LoqiRoam · 旅日記

松の隙間から、器の色まで

松林から浜、俯瞰、神社、唐津焼、城へ。海と町の距離が少しずつ違って見えた。

虹ノ松原では、行き先を急いで決めないことにした。松の間を抜けて浜へ出ると、木々の静けさが波の明るい音に切り替わる。少し高い場所から見下ろした松原は、歩いているときにはただの道だったものが、海岸に沿う緑の帯として見えた。 そこから唐津の町へ向かい、唐津神社で海浜から見つかった鏡の由緒に触れた。焼き物の店では、器の色が光の角度で変わるのを眺めて、予定より長居をした。最後に唐津城へ上ると、海がまた視界に戻ってきた。今日は名所を集めたというより、同じ海が松林、町、城の三つの表情を持つことを拾った一日だった。

この旅の足跡

  1. 虹ノ松原の松林は、海からの風を受けながら道の両側で濃淡を変えていた。木漏れ日の向こうに細い道がいくつも見え、最初の一歩なのに迷う楽しさがあった。
  2. 浜崎海岸では、松の緑の隙間から海が急に大きく見えた。

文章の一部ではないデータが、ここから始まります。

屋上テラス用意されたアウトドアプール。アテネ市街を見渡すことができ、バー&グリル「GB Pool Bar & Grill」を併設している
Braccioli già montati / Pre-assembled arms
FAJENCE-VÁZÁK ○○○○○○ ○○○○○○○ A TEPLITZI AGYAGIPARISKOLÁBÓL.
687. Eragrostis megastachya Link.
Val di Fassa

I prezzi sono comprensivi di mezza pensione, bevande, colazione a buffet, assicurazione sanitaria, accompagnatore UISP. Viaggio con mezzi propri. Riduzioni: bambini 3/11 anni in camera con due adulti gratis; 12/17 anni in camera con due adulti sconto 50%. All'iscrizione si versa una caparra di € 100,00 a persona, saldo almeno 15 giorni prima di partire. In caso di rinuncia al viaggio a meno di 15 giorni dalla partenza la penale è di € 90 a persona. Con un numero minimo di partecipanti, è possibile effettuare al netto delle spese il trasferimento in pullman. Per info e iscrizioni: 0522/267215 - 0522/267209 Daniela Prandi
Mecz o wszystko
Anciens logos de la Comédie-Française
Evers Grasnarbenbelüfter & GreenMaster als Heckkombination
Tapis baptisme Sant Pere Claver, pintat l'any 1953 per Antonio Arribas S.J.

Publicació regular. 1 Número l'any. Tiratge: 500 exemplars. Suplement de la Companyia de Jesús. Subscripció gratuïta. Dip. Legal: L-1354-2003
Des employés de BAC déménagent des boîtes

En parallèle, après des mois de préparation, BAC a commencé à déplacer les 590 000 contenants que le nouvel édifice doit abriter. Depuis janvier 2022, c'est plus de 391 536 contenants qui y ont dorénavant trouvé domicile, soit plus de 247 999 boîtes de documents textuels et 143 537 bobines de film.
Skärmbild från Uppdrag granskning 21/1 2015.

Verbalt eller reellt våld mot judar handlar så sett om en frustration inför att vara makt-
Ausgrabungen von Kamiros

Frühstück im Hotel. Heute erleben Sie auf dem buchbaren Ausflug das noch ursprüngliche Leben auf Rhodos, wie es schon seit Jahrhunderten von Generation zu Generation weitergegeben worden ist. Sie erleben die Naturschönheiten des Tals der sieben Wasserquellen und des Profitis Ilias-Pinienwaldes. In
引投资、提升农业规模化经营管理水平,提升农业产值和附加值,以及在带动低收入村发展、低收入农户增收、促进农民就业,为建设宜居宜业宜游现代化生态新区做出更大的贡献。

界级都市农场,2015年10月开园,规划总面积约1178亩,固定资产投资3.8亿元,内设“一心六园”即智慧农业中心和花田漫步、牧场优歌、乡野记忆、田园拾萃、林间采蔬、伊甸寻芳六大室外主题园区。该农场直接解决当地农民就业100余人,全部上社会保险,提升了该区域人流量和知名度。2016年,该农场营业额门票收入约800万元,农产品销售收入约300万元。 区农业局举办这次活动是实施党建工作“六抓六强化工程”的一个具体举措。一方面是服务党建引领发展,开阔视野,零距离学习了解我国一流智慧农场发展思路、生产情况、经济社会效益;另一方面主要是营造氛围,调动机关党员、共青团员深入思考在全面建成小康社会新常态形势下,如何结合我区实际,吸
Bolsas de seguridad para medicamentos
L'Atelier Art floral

砂浜へ出ると音が一段明るくなり、同じ松原でも内側と外側で別の場所のように感じた。
  3. 鏡山の展望所から見た虹ノ松原は、海岸線に沿う緑の帯だった。さっき歩いた場所が地図ではなく一枚の景色に変わり、道の長さを少しだけ実感した。
  4. 唐津神社の境内には、町の中心なのに木陰の落ち着きがあった。海浜で見つかった鏡に由来する話を知ると、祭りの土地の静かな入口にも思えてきた。
  5. 唐津焼の器は、同じ色名では収まらない釉薬の表情を見せていた。暮らしの道具なのに一つずつ視線を返してくるようで、選ぶ時間が予定より伸びた。
  6. 唐津城の石垣を上ると、町の屋根の先に海が戻ってきた。松原を歩いた後だからこそ、海と城下町が近いことが分かり、旅の輪郭が一つに結ばれた。